Val Verde Carbon Dioxide Pipeline Project
Location: Texas
Commercial Online Date: 2004
Project Highlight: In 1998, Petro Source Carbon Company entered a partnership with MCNIC and an affiliate of BP to construct an 82 mile, 10-inch CO2 pipeline in West Texas known as the Val Verde Pipeline. The total initial capital cost of the project was $17.6 million. As recently as 2007, additional incremental investments, totaling to $10 million, have been made to expand the pipeline system. The pipeline enables the capture of CO2 from five natural gas processing plants, avoiding CO2 venting to the atmosphere.

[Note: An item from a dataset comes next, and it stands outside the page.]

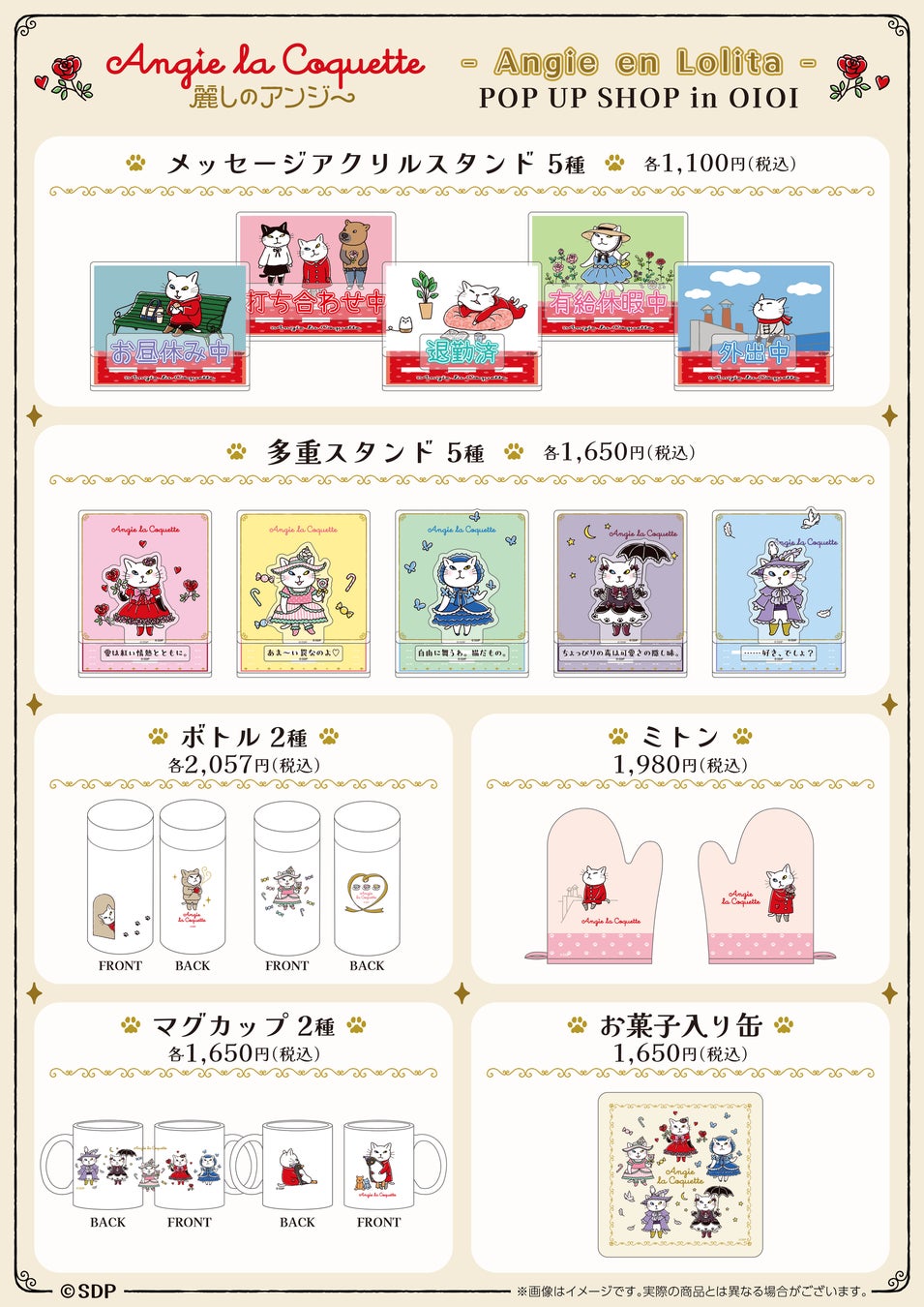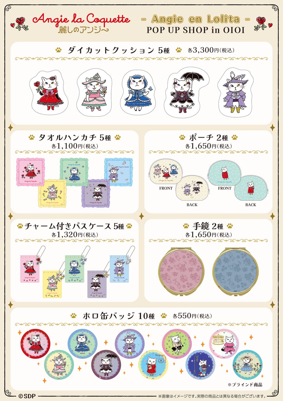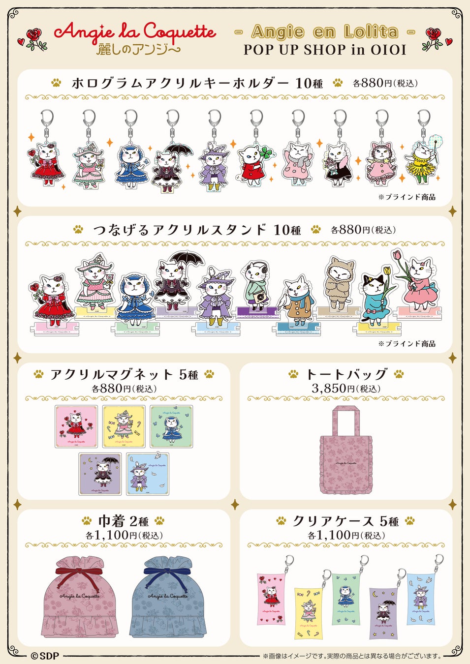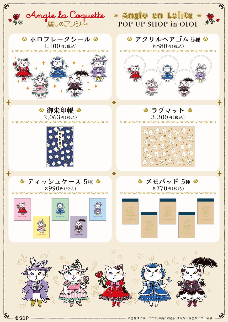 「アンジー×ロリィタファッション」をテーマにした新規描き下ろしイラストを使用したグッズをはじめ、クッション、トートバッグ、お菓子入り缶、ご朱印帳などの多数新規グッズを発売予定です。

Once gathered, dehydrated and compressed, the CO2 is transported to an existing CO2 distribution system in the Permian Basin of West Texas for eventual delivery to Enhanced Oil Recovery (EOR) markets. EOR projects inject CO2 into mature oil producing fields both to increase the viscosity of the oil and to sweep the oil toward the producing wells. Permian Basin EOR projects typically consume an average of 1.5 billion cubic feet per day (BCFD) of “fresh” CO2, which is primarily sourced from underground supplies. It is important to recognize that no new or incremental oil is produced as a result of capturing and utilizing anthropogenic CO2, since underground sourced CO2 would have been used in its place anyway.